Shock Treatment can cure Mental Illness

A few years back, shock treatment was considered very unwanted and painful procedure of treatment for any patient on whom it was to be used. A girl naming Anamika, who was recommended shock therapy so that she could battle her schizophrenia disease, was only a 20-year-old girl back then. She got scared with the mere thought of it and pictured a bald man whose head is caught between the pincers of a medieval contraption, shouting and moaning in agony with his eyes rolled back.

She was scared while making the decision, but her family and doctor supported her throughout the fight. After 6 years, when she tells the cure she got, people get confused and with wide opened eyes, their response is “They still do it?” Anamika, then, clears their confusion with the reply that it’s not like it is portrayed in the movies. She suffered a lot with the disease and hr condition went down to the level where medical drugs tortured her more than they cure her.

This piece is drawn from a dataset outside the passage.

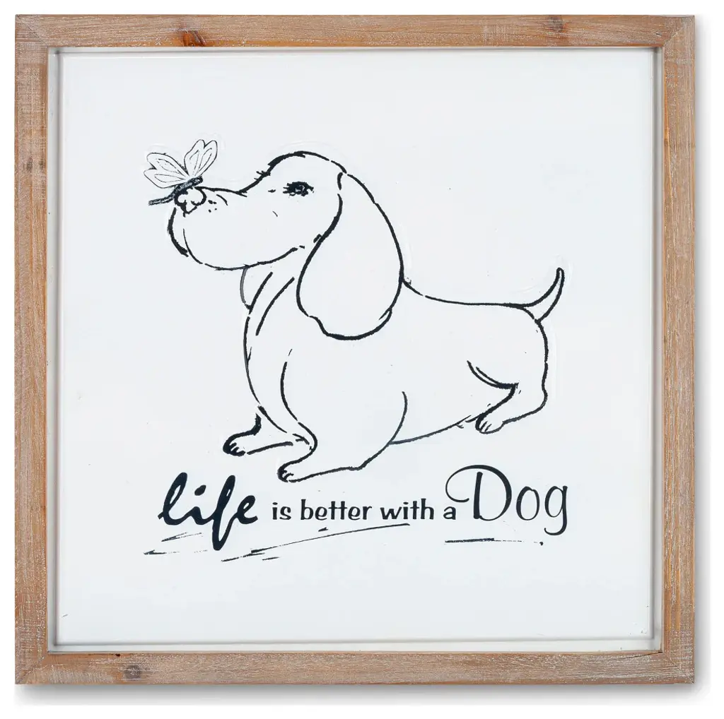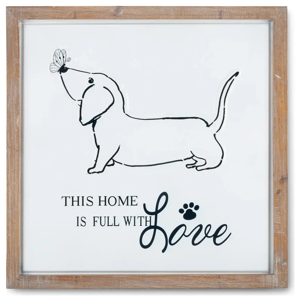 Show the world how much you love your furry best friend with this set of three adorable metal wall signs. With one proclaiming "This home is full with love", another stating "Your loyal companion" and the last reminding you that "life is better with a dog", you are sure to make a statement to all who enter your home. Each sign measures 16.14-inches long by 16.14-inches tall, and is made of metal and wood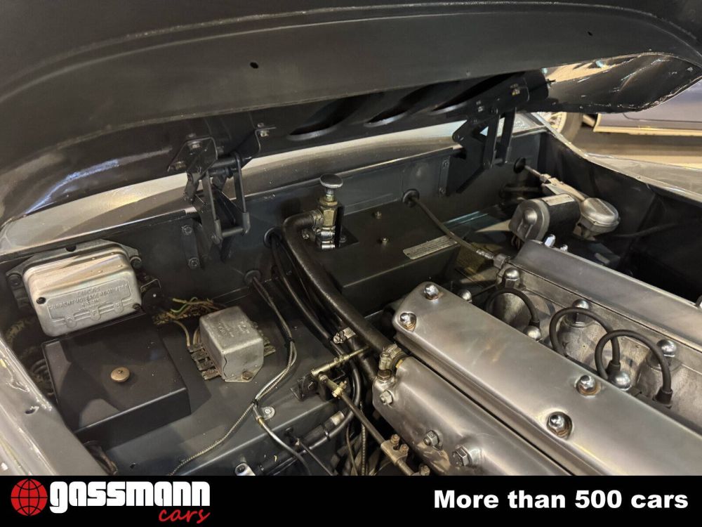 Ursprünglich in Rot gehalten, wurde diese XK140 erstmals in Buffalo, New York, ausgeliefert. 1991 brachte die Tochter seines alten Erstbesitzers den Jaguar in ein Lager, in dem er bis 2002 blieb, als er verkauft und sorgfältig restauriert wurde. Der XK140 wurde 2010 vom letzten Besitzer, einem Schweizer Sammler, nach Zürich übernommen, wo er im Wesentlichen eine neue Restaurierung erhielt. Einnahmen von insgesamt rund 130.000 Euro (!) Dokumentieren die neue Top-, Mechanik- und Showreparatur im ansehnlichen Battleship Gray, den er heute trägt. Fast 30.000 US-Dollar wurden allein für den Innenraum ausgegeben, eine bemerkenswerte Zahl, da der Jaguar seine ursprüngliche schwarze Lederausstattung beibehalten hat. Die ausführliche Dokumentation der sorgfältigen Arbeit zeugt von der besonderen Zuneigung des Absenders zu diesem XK140. Der Drophead behält seinen originalen Matching-Numbers-Motor (gemäß JDHT-Zertifikat), die wunderschön patinierte schwarze Lederausstattung, das vergrabene Armaturenbrett aus Holz, die lackierten Stahlrader und die Spritzer auf den Hinterrädern. Dieser beeindruckende Jaguar ist zusammen mit dem lopcase, dem Originalwerkzeug und den Restaurierungsprotokollen ein hervorragendes Beispiel für den fortschrittlichen Open XK140 und ist auf jeden Fall sehenswert

Electroconvulsive Therapy (ECT) is the medical term which is not frequently used. Doctors say that nowadays, slowly but steadily, this treatment is getting patients’ nod as doctors are using anesthetic and tranquilizing drugs so that the pain, fear and risk of violent muscle spasms could be minimized. “Previously, the procedure was used without anesthesia,” says Dr. R Thara, director of Schizophrenia Research Foundation. Though effective, she said, the procedure often led to injuries and fractures. “It also created a lot of fear in patients as they were aware of the seizure or fit,” she says.

Dr. B.N. Gangadhar, director of the National Institute of Mental Health and Neurosciences (NIMHANS), Bangalore, is one of the leading advocates of ECT in the country. In the early 50s, when the medicines for mental illness were launched, the popularity of shock therapy dipped but medicines were found out to not cure all the maladies of mind. Dr. Gangadhar admitted that although ECT was `barbaric’ in the past without anesthesia and doctors overused it because of lack of alternative; the procedure has definitely evolved over the years. “The quantum of electricity used is just one-third of what was used in the past. Technology has also ensured that all the vitals are closely monitored,” he says. “And we always take the patients’ or their families consent. We do not drag them into a room like it is portrayed in movies,” he adds.

The use of ECT is argued as the results are not the same in all the cases. But what is sure is that ECT is seen to work very quickly with issues like depression and memory loss. Besides, India still lacks the infrastructure to support the modern form of the therapy.